• Work order
Transcribe word for word the section of the records below that opens with the line containing "An einen Fahrzeugbau" and closes with the line containing "SILVER - Roughly"; drop every picture.

• Given records
»»

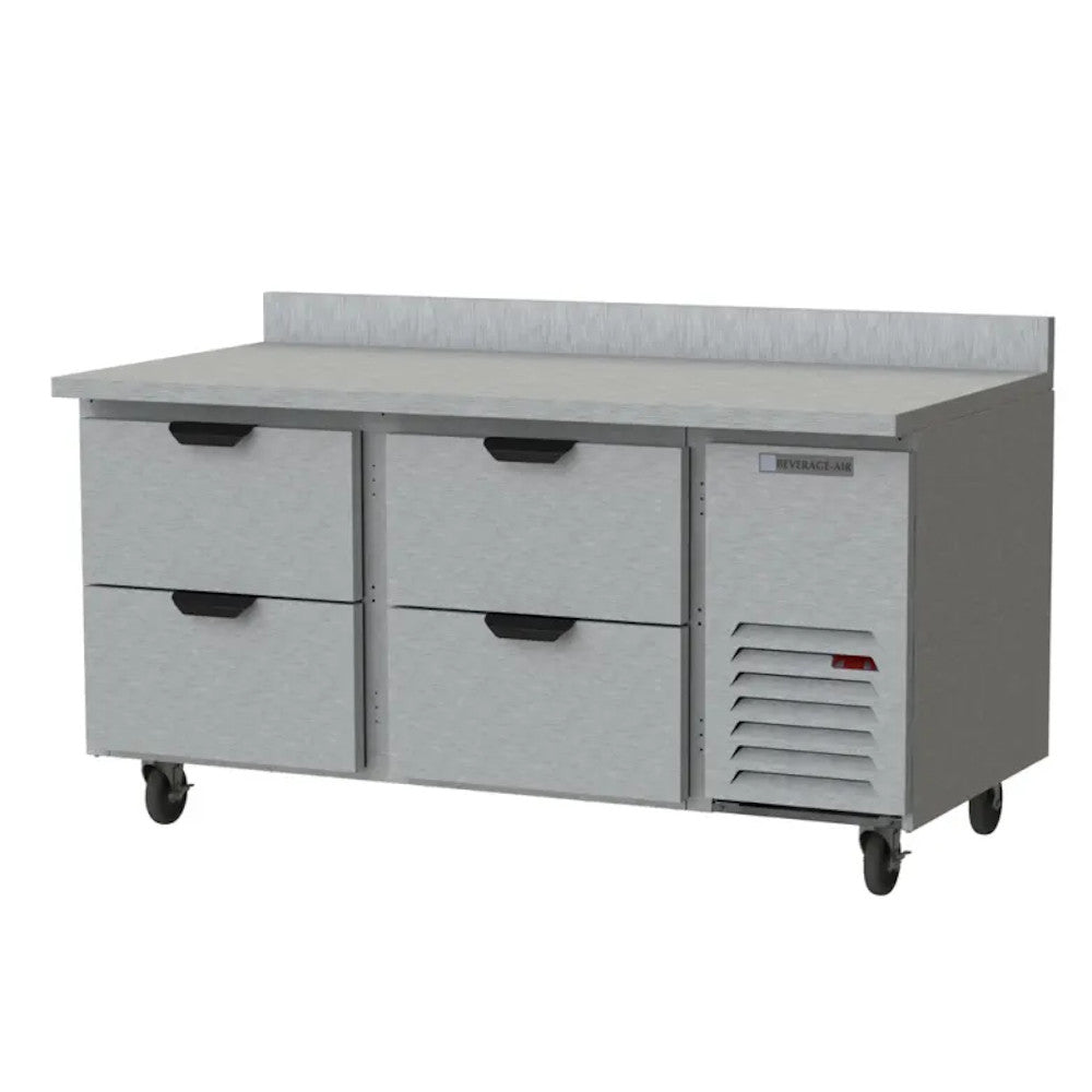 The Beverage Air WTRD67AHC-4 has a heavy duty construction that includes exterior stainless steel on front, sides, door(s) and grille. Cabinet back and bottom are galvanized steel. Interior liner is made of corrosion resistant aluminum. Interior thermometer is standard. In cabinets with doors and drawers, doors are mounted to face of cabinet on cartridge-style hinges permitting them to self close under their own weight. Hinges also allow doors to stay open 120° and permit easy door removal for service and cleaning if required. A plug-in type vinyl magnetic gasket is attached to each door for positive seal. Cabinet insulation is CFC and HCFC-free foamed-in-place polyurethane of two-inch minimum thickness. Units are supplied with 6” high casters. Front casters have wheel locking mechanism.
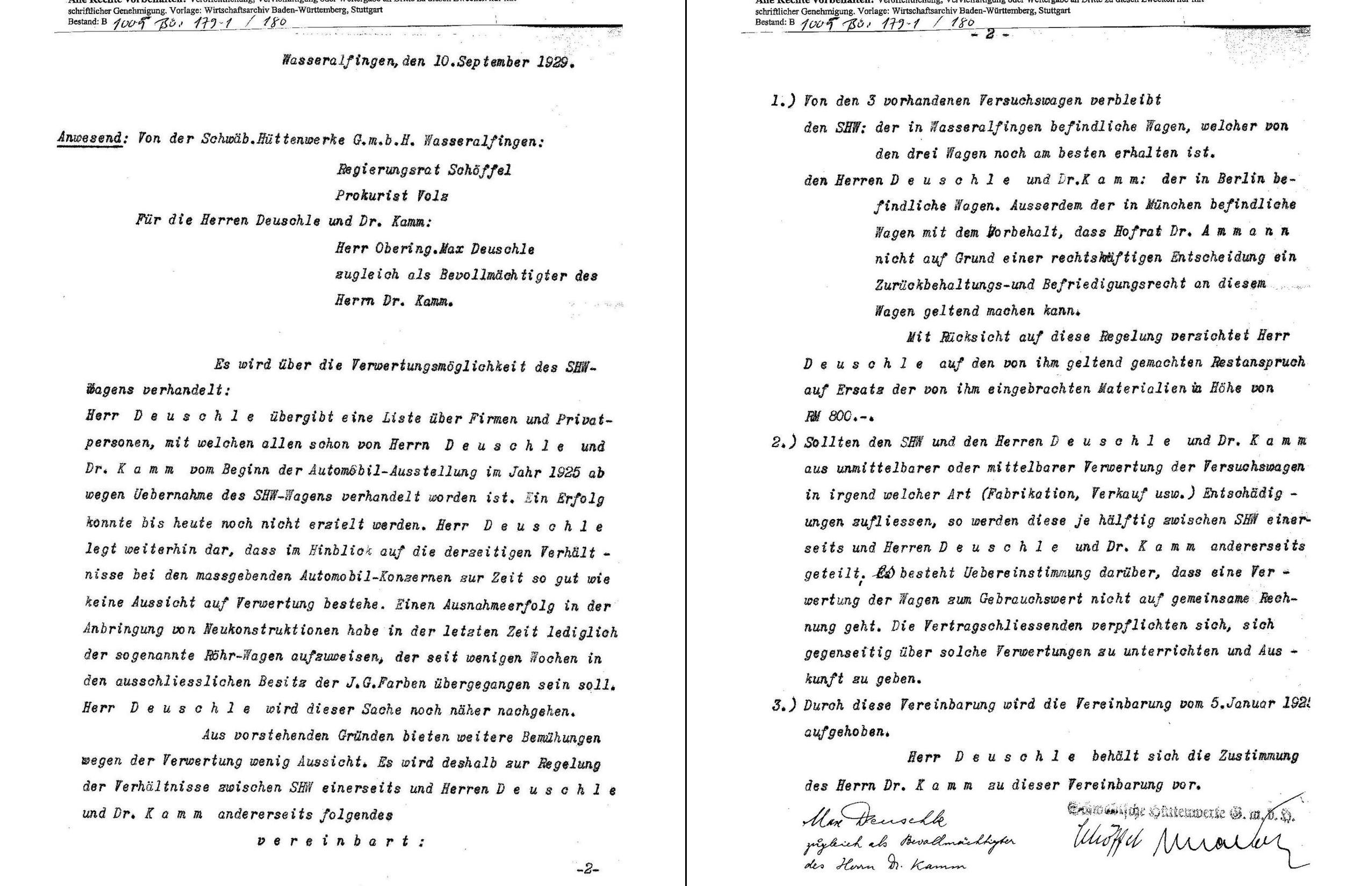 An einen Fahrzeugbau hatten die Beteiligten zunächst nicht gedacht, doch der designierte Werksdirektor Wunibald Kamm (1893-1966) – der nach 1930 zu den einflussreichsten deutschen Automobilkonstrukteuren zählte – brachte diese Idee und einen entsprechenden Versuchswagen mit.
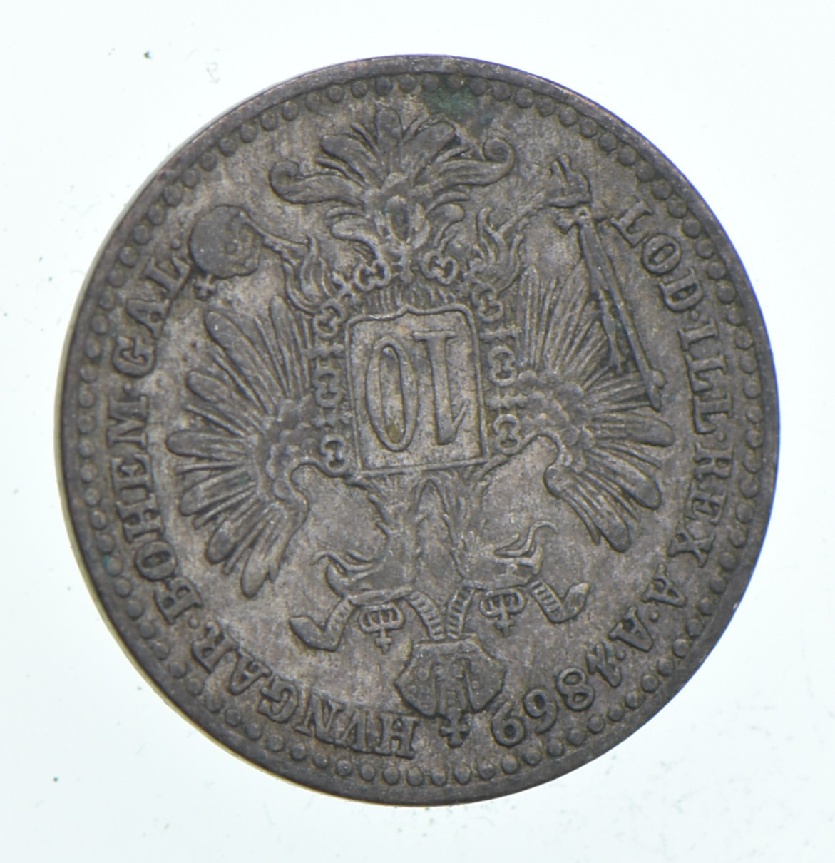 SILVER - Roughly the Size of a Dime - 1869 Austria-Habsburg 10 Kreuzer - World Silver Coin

««
»»

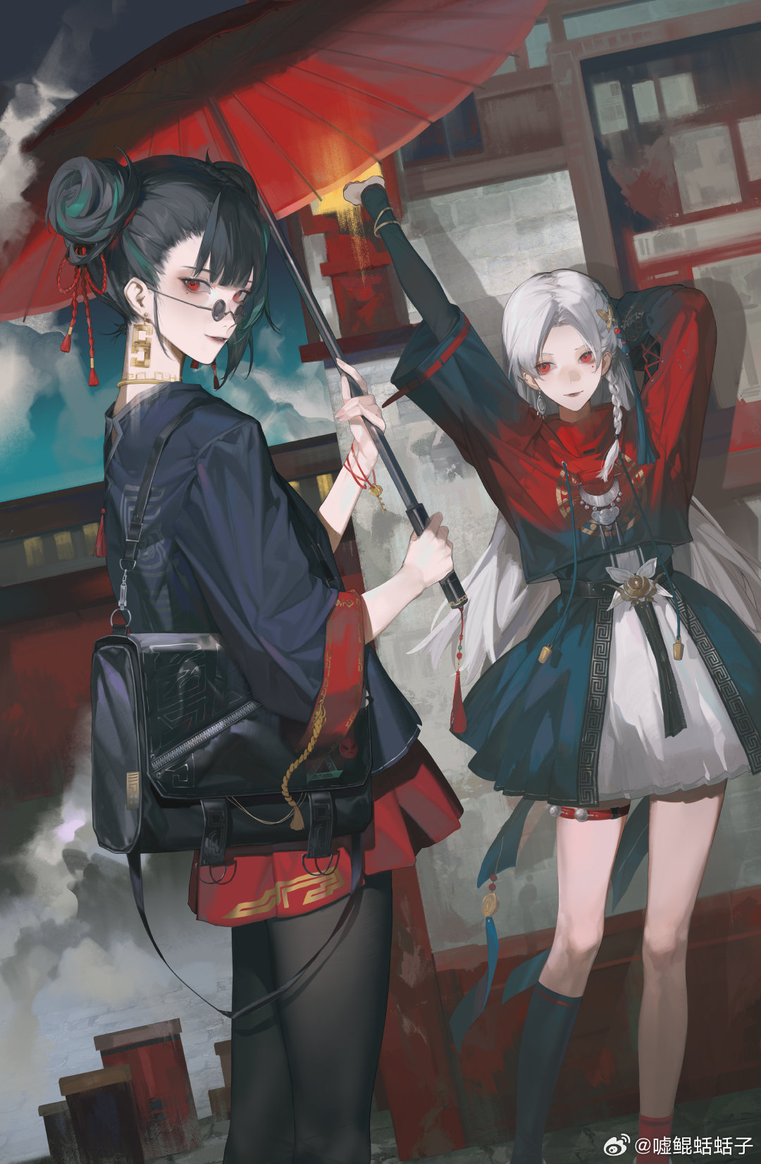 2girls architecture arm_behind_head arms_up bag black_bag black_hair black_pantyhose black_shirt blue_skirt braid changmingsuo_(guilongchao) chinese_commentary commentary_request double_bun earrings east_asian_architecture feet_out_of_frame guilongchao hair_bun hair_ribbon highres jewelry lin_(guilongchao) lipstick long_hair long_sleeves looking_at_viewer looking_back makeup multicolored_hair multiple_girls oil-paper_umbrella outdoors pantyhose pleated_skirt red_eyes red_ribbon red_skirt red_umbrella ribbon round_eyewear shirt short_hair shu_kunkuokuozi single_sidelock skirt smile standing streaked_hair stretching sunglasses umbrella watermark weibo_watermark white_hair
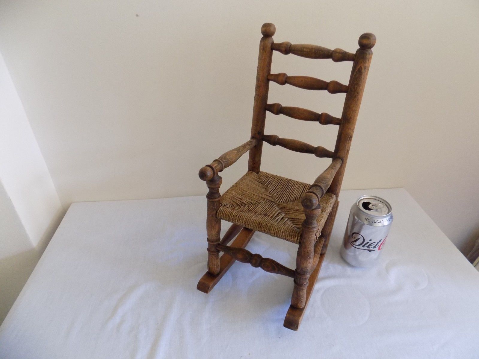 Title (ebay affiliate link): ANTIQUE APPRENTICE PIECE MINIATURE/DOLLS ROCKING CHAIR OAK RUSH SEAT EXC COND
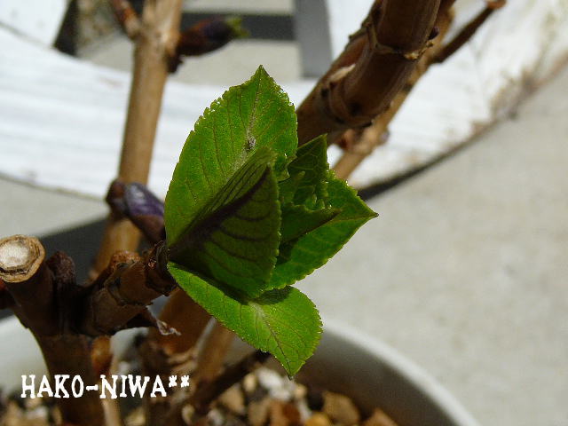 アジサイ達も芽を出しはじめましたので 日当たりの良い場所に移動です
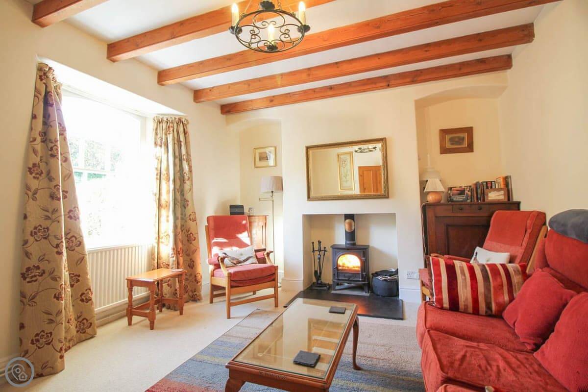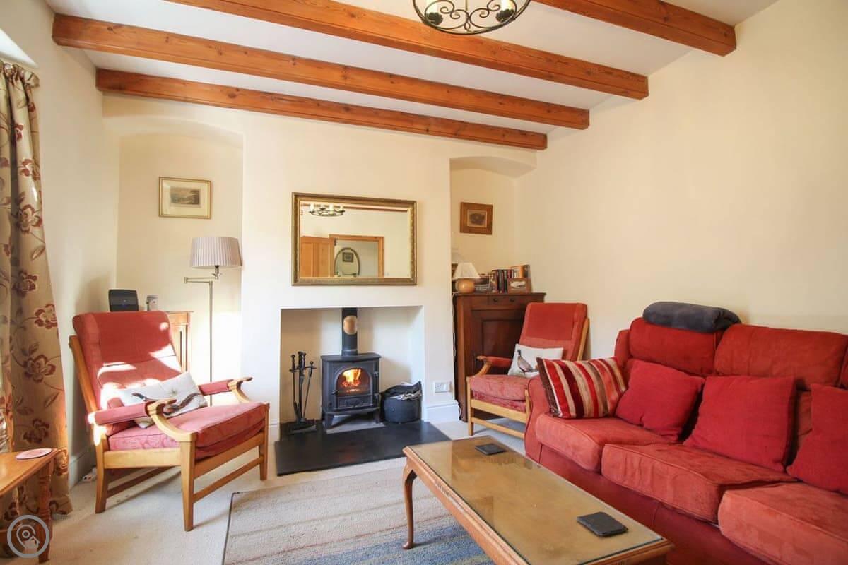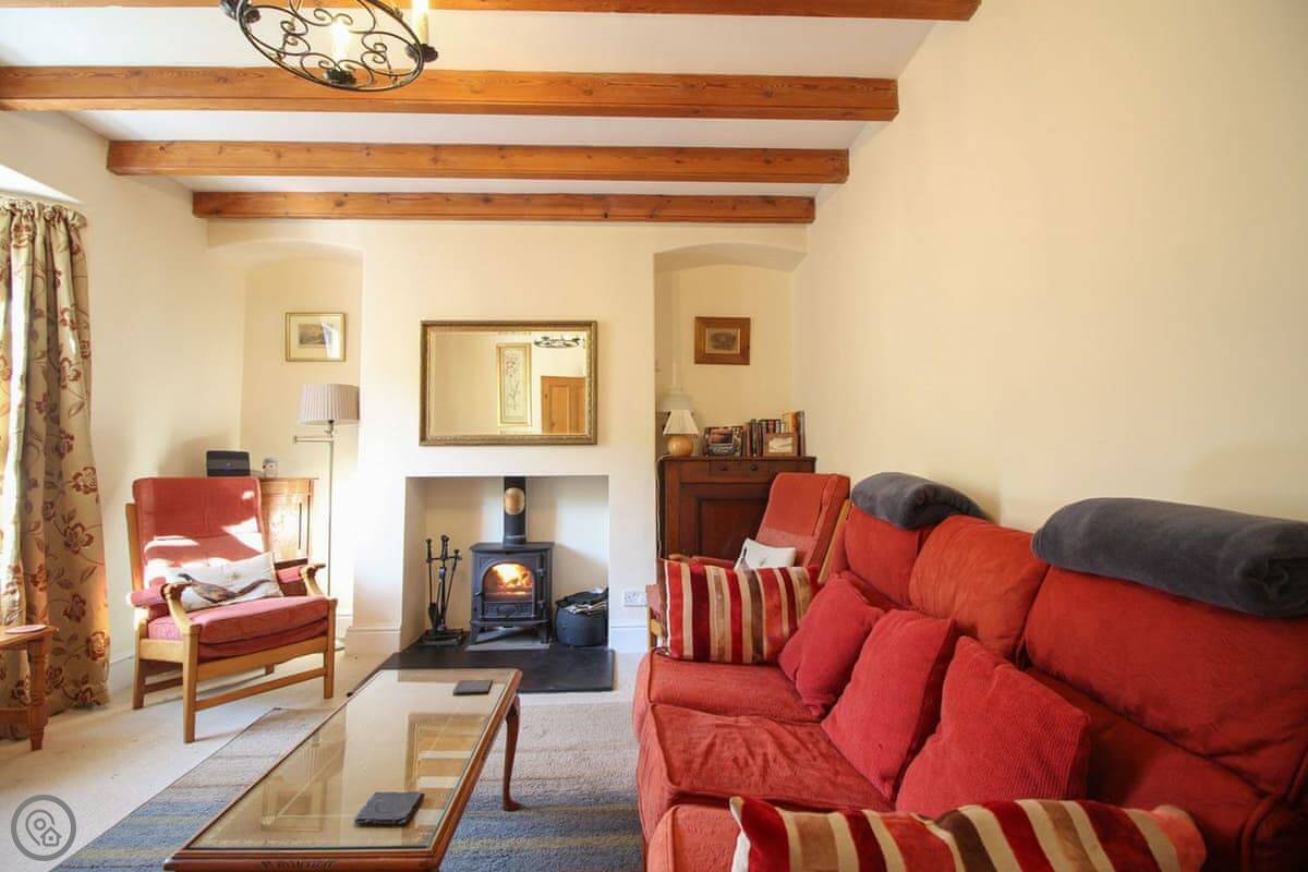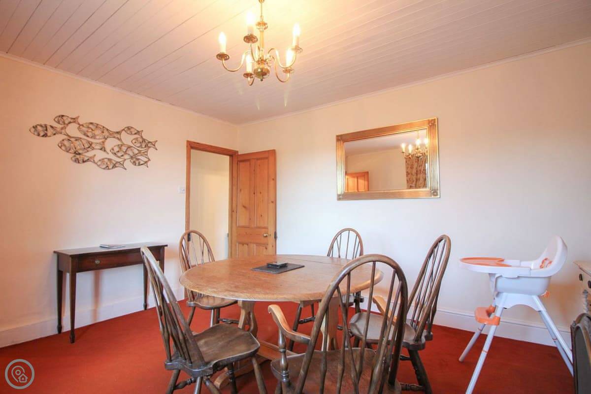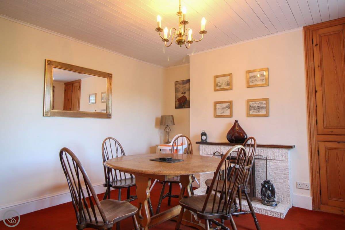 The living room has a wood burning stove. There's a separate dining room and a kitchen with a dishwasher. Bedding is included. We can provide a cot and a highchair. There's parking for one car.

««

• Exercise answer
 An einen Fahrzeugbau hatten die Beteiligten zunächst nicht gedacht, doch der designierte Werksdirektor Wunibald Kamm (1893-1966) – der nach 1930 zu den einflussreichsten deutschen Automobilkonstrukteuren zählte – brachte diese Idee und einen entsprechenden Versuchswagen mit.
 SILVER - Roughly the Size of a Dime - 1869 Austria-Habsburg 10 Kreuzer - World Silver Coin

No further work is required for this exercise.